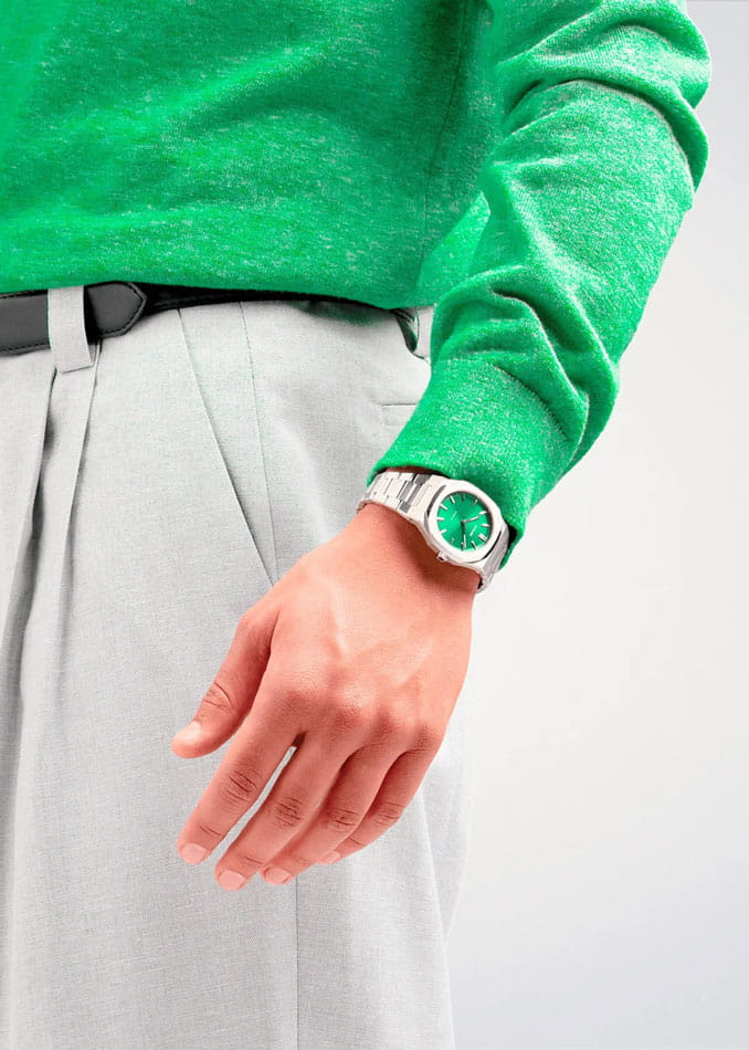 Часы D1 Milano Automatico Green Code ATBU05 – стильный аксессуар для современных женщин. Часы механические с автоподзаводом. Корпус выполнен из прочной нержавеющей стали 316L, а изысканный зеленый циферблат украшен простыми штрихами вместо цифр. Минималистичный дизайн циферблата, защищенный прочным сапфировым стекломСапфировое стеклоПрочный и надёжный материал из кристалла сапфира синтетического происхождения, характеризующийся особой твёрдостью и устойчивостью к царапинам и повреждениям. с антибликовым покрытиемАнтибликовое покрытиеСлой оксида металла в 0,13-0,3 микрон, благодаря которому стекло часов не бликует и не отражает свет. Антибликовое покрытие уменьшает отражение света в 10 раз, обеспечивая отличную читаемость показателей циферблата., привлекает внимание своей сдержанной красотой. Лаконичные стрелки с люминесцентным покрытиемЛюминесцентное покрытиеПозволяет считывать показания времени в темноте. Производители наносят на стрелки, часовые индексы, безель или поверхность циферблата светонакопительный состав, дающий холодное свечение.. Задняя крышка закреплена на 8 винтах, что обеспечивает надежность конструкции. Стальной браслет с удобной застёжкой «бабочка»Застёжка "бабочка"Такой вид застёжки дополняется предохранителями, помогающими избежать случайного раскрытия браслета. Обладают изящным исполнением. обеспечивают комфорт при ношении. Часы имеют водозащиту 100 метров (100WR), что позволит плавать, нырять и заниматься другими водными видами спорта. Это не просто часы, а статусный аксессуар, подчеркивающий безупречный вкус и внимание к деталям своего владельца.
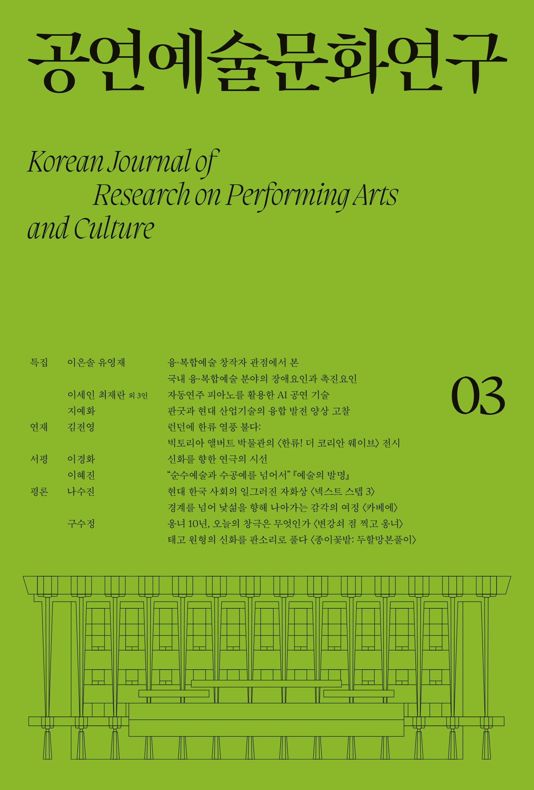 「공연예술문화연구」는 공연예술학과 박물관학 담론부터 학제 간 융합 연구까지 아우르는 학술지다. 당대 공연예술 관련 연구 결실과 학문적 논의를 담아내기 위해 2022년 창간했다.
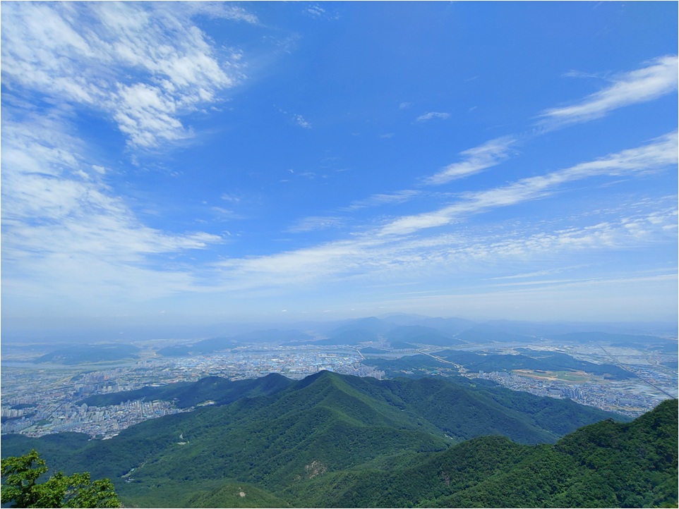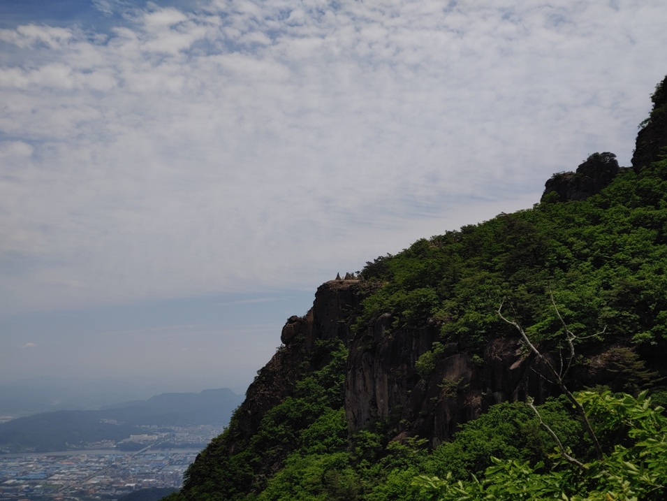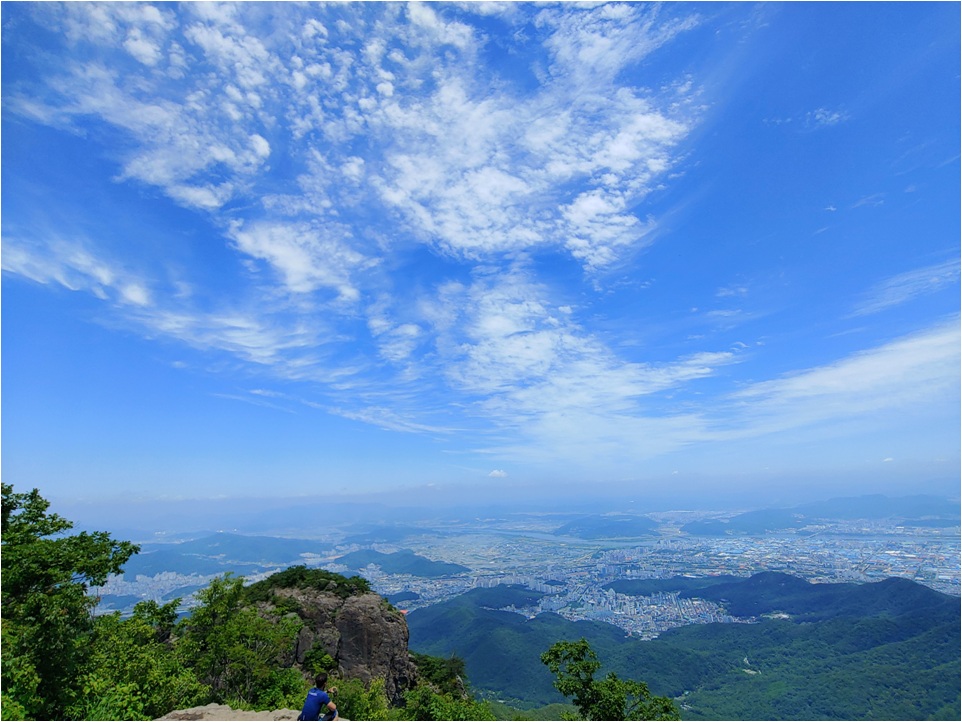 할딱 고개 올라오면 전망대가 있습니다. 개인적인 차이는 있지만 금오산 주 등산 중 힘든 구간을 3번 만나는데 첫 번째가 할딱 고개가 구간입니다. 할딱 고개 전망대에서 물과 숨을 돌리며 휴식을 합니다. 이곳 전망대 바라보는 풍경입니다.
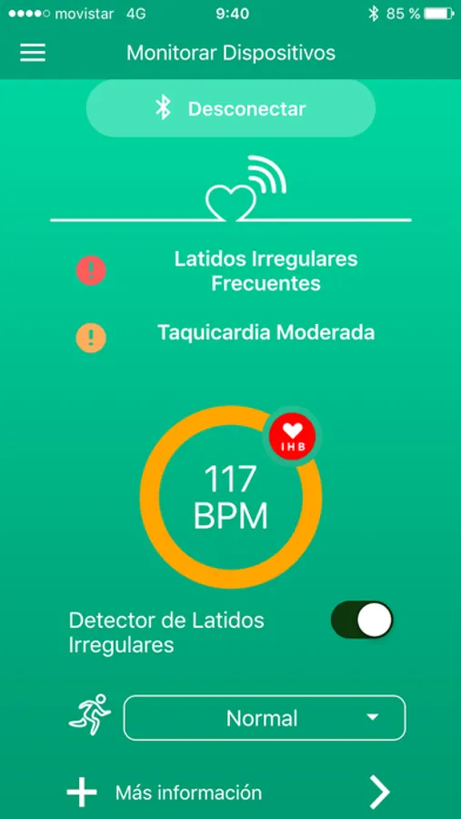 Según la severidad y tipo de alarma registrada en función del modo de actividad, Arrhythmial App enviará una alarma visual y auditiva con una guía de actuación, al propio usuario o a un tercero de su elección, para el control y monitorización de un paciente o un familiar, siempre y cuando exista consentimiento previo.
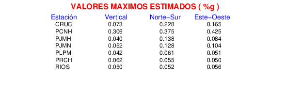 La siguiente tabla muestra los datos de aceleración máxima para cada componente en porcentaje de la aceleración de la gravedad (%g). Estos se obtienen dividiendo el valor del PGA registrado por 980 cm/s2 y multiplicándolo por 100.
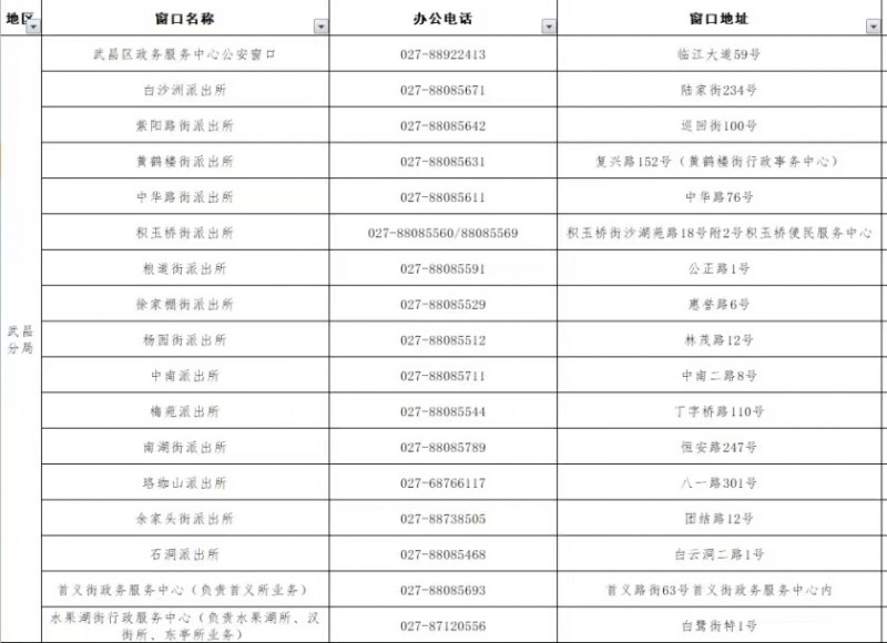 武汉市武昌区政务中心和派出所户籍身份证办理地址和办公电话:

• [WHAT YOU SHOULD DO]:
Write the records out exactly once more, leaving off the pictures.

• [EXERCISE SOLUTION]:
 Часы D1 Milano Automatico Green Code ATBU05 – стильный аксессуар для современных женщин. Часы механические с автоподзаводом. Корпус выполнен из прочной нержавеющей стали 316L, а изысканный зеленый циферблат украшен простыми штрихами вместо цифр. Минималистичный дизайн циферблата, защищенный прочным сапфировым стекломСапфировое стеклоПрочный и надёжный материал из кристалла сапфира синтетического происхождения, характеризующийся особой твёрдостью и устойчивостью к царапинам и повреждениям. с антибликовым покрытиемАнтибликовое покрытиеСлой оксида металла в 0,13-0,3 микрон, благодаря которому стекло часов не бликует и не отражает свет. Антибликовое покрытие уменьшает отражение света в 10 раз, обеспечивая отличную читаемость показателей циферблата., привлекает внимание своей сдержанной красотой. Лаконичные стрелки с люминесцентным покрытиемЛюминесцентное покрытиеПозволяет считывать показания времени в темноте. Производители наносят на стрелки, часовые индексы, безель или поверхность циферблата светонакопительный состав, дающий холодное свечение.. Задняя крышка закреплена на 8 винтах, что обеспечивает надежность конструкции. Стальной браслет с удобной застёжкой «бабочка»Застёжка "бабочка"Такой вид застёжки дополняется предохранителями, помогающими избежать случайного раскрытия браслета. Обладают изящным исполнением. обеспечивают комфорт при ношении. Часы имеют водозащиту 100 метров (100WR), что позволит плавать, нырять и заниматься другими водными видами спорта. Это не просто часы, а статусный аксессуар, подчеркивающий безупречный вкус и внимание к деталям своего владельца.
 「공연예술문화연구」는 공연예술학과 박물관학 담론부터 학제 간 융합 연구까지 아우르는 학술지다. 당대 공연예술 관련 연구 결실과 학문적 논의를 담아내기 위해 2022년 창간했다.
 할딱 고개 올라오면 전망대가 있습니다. 개인적인 차이는 있지만 금오산 주 등산 중 힘든 구간을 3번 만나는데 첫 번째가 할딱 고개가 구간입니다. 할딱 고개 전망대에서 물과 숨을 돌리며 휴식을 합니다. 이곳 전망대 바라보는 풍경입니다.
 Según la severidad y tipo de alarma registrada en función del modo de actividad, Arrhythmial App enviará una alarma visual y auditiva con una guía de actuación, al propio usuario o a un tercero de su elección, para el control y monitorización de un paciente o un familiar, siempre y cuando exista consentimiento previo.
 La siguiente tabla muestra los datos de aceleración máxima para cada componente en porcentaje de la aceleración de la gravedad (%g). Estos se obtienen dividiendo el valor del PGA registrado por 980 cm/s2 y multiplicándolo por 100.
 武汉市武昌区政务中心和派出所户籍身份证办理地址和办公电话:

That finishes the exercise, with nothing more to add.